__What is expected__. The required output is the stretch from the line containing "Our puppies include" through the line containing "11月13日,鄒勤敏(前左)在為社區(qū)居民理發(fā)。" in the records below, unaltered and with no pictures.

__Material provided__.
________________________________________

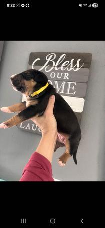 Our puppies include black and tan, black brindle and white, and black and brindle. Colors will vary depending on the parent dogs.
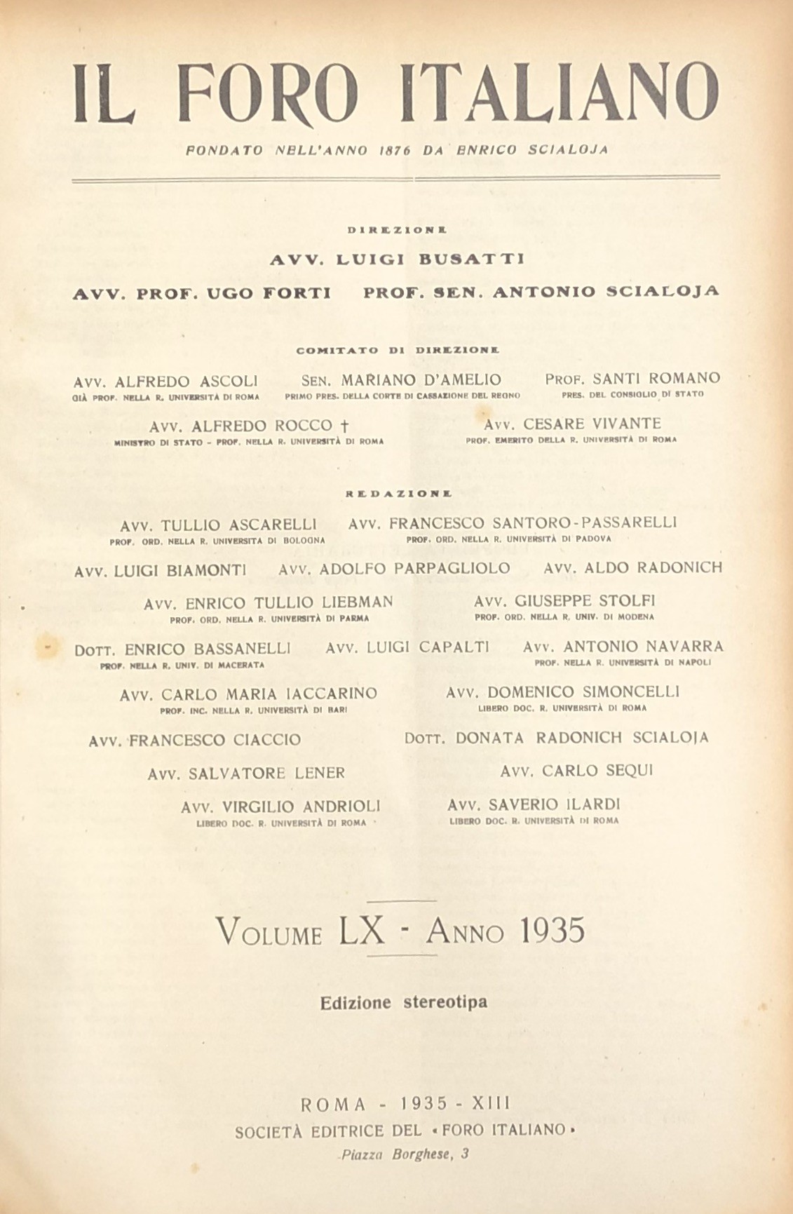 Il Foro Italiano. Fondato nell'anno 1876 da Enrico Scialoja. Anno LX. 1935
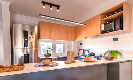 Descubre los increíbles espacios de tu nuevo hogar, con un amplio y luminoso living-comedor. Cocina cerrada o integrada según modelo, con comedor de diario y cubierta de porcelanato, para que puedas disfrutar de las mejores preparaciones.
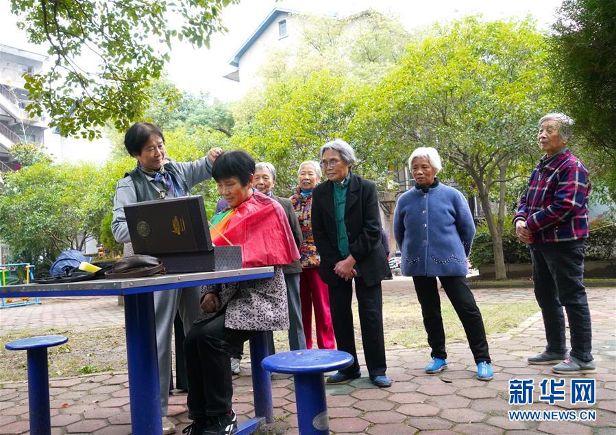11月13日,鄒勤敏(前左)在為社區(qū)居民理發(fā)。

________________________________________

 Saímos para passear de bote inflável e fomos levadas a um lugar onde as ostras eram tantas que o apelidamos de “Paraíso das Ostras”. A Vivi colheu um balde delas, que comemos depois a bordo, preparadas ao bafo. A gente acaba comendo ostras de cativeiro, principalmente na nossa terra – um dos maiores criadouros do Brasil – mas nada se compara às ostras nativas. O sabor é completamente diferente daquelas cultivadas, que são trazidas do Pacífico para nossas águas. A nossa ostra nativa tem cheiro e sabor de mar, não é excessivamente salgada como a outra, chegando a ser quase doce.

________________________________________

__Response area__.
 Our puppies include black and tan, black brindle and white, and black and brindle. Colors will vary depending on the parent dogs.
 Il Foro Italiano. Fondato nell'anno 1876 da Enrico Scialoja. Anno LX. 1935
 Descubre los increíbles espacios de tu nuevo hogar, con un amplio y luminoso living-comedor. Cocina cerrada o integrada según modelo, con comedor de diario y cubierta de porcelanato, para que puedas disfrutar de las mejores preparaciones.
11月13日,鄒勤敏(前左)在為社區(qū)居民理發(fā)。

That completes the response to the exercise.